▶ **THE PROBLEM**: The reply should hold only the lines below beginning at the one with "The control signal" and ending at the one with "Dámská push-up podprsenka", copied exactly, with every picture left out.

▶ **MATERIAL PROVIDED**:
───

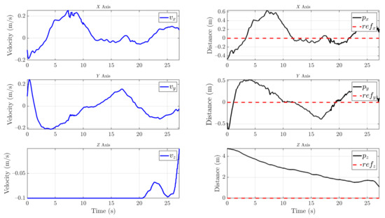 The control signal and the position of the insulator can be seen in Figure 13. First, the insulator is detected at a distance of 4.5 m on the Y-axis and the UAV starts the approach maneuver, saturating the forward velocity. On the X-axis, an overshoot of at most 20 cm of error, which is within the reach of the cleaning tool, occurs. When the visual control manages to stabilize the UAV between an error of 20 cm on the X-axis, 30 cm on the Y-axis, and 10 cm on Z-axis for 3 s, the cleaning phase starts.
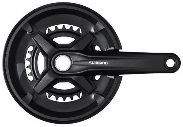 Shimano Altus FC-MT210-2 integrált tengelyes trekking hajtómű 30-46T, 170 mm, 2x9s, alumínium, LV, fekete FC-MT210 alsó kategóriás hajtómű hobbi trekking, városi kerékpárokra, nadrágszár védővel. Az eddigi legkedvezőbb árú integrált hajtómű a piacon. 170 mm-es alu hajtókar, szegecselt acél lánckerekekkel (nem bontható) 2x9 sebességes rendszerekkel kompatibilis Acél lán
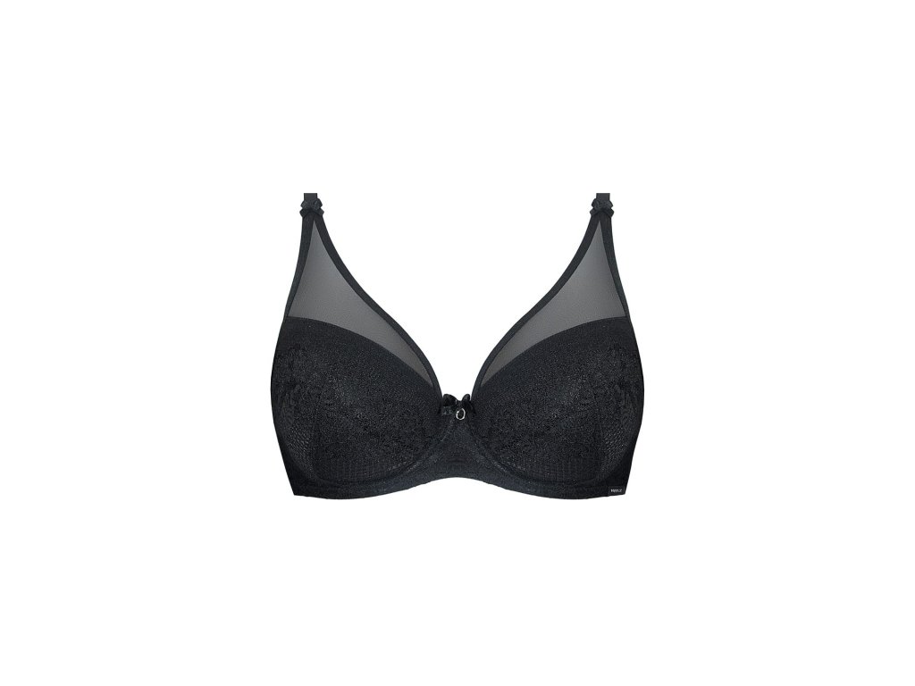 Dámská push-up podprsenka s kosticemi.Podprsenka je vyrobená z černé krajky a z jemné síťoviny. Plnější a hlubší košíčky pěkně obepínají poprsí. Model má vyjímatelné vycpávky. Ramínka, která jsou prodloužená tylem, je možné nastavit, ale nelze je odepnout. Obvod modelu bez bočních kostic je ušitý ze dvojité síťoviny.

───

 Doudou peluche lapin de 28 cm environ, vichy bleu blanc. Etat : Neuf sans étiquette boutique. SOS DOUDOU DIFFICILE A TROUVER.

───

▶ **ANSWER TO THIS TASK**:
 The control signal and the position of the insulator can be seen in Figure 13. First, the insulator is detected at a distance of 4.5 m on the Y-axis and the UAV starts the approach maneuver, saturating the forward velocity. On the X-axis, an overshoot of at most 20 cm of error, which is within the reach of the cleaning tool, occurs. When the visual control manages to stabilize the UAV between an error of 20 cm on the X-axis, 30 cm on the Y-axis, and 10 cm on Z-axis for 3 s, the cleaning phase starts.
 Shimano Altus FC-MT210-2 integrált tengelyes trekking hajtómű 30-46T, 170 mm, 2x9s, alumínium, LV, fekete FC-MT210 alsó kategóriás hajtómű hobbi trekking, városi kerékpárokra, nadrágszár védővel. Az eddigi legkedvezőbb árú integrált hajtómű a piacon. 170 mm-es alu hajtókar, szegecselt acél lánckerekekkel (nem bontható) 2x9 sebességes rendszerekkel kompatibilis Acél lán
 Dámská push-up podprsenka s kosticemi.Podprsenka je vyrobená z černé krajky a z jemné síťoviny. Plnější a hlubší košíčky pěkně obepínají poprsí. Model má vyjímatelné vycpávky. Ramínka, která jsou prodloužená tylem, je možné nastavit, ale nelze je odepnout. Obvod modelu bez bočních kostic je ušitý ze dvojité síťoviny.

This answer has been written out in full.